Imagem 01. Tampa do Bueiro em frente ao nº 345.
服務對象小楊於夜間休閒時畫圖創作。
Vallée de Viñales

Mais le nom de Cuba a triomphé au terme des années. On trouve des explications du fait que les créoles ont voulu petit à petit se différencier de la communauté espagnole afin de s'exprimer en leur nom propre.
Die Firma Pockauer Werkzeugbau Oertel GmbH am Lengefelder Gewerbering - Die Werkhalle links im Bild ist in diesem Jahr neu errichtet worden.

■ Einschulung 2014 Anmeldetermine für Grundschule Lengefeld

##########

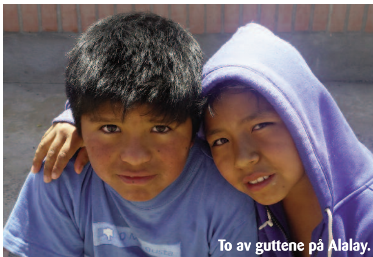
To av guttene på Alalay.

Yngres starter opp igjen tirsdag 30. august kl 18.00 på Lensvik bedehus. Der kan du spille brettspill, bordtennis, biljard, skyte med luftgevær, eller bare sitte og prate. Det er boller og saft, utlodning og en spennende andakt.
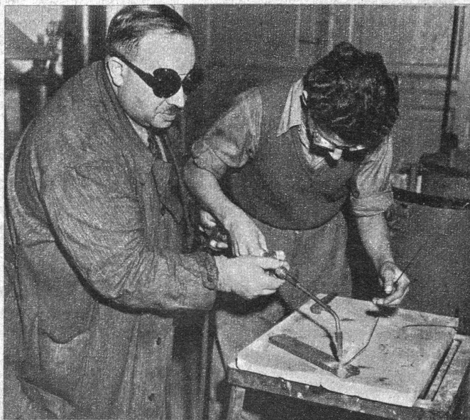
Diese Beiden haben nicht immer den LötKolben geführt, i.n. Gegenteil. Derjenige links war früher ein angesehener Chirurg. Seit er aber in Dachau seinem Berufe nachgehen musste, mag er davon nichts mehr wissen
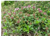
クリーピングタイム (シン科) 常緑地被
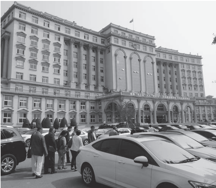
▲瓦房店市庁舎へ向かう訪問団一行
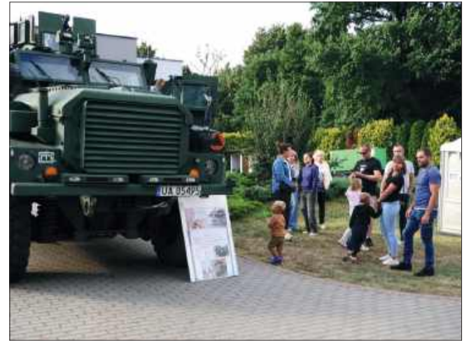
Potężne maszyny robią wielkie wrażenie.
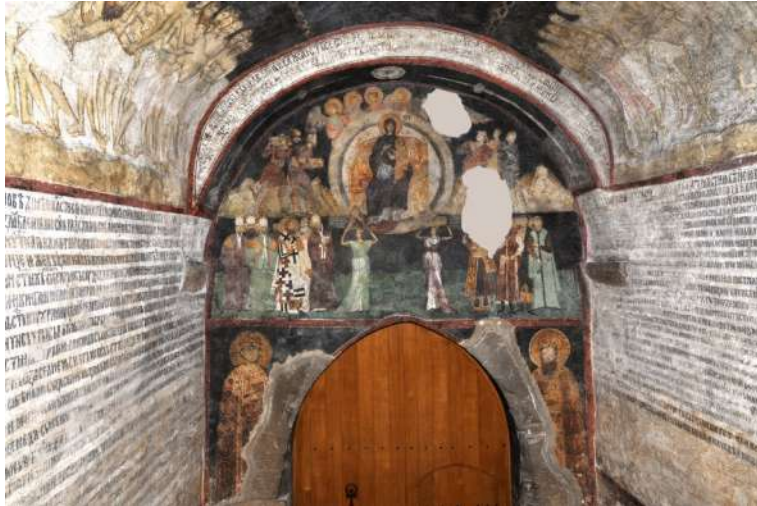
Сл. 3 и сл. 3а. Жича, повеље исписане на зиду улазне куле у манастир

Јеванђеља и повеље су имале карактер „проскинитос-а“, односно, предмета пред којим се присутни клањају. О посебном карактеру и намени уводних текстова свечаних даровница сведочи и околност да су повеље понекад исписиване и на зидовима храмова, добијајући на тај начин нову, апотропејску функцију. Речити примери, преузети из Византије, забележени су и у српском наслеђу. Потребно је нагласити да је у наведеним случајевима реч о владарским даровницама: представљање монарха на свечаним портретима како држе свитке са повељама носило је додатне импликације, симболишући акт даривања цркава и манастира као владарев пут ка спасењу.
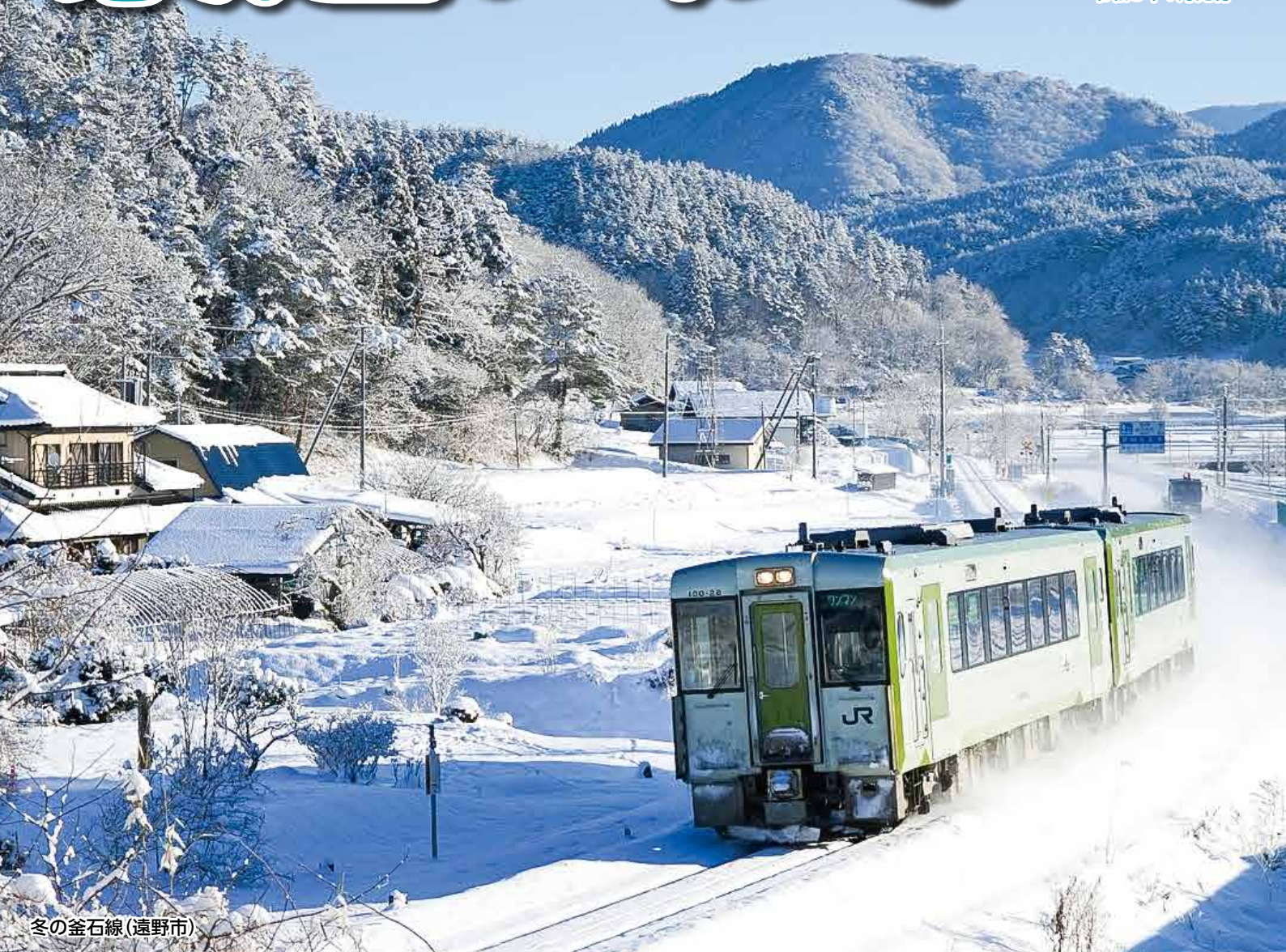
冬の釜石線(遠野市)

##########

■ **WHAT THIS TASK INVOLVES**
Please copy the lines in the records above between the one holding "服務對象小楊於夜間休閒時畫圖創作。" and the one holding "Mais le nom", inclusive, exactly and with no other line.

■ **EXERCISE ANSWER**
服務對象小楊於夜間休閒時畫圖創作。
Vallée de Viñales

Mais le nom de Cuba a triomphé au terme des années. On trouve des explications du fait que les créoles ont voulu petit à petit se différencier de la communauté espagnole afin de s'exprimer en leur nom propre.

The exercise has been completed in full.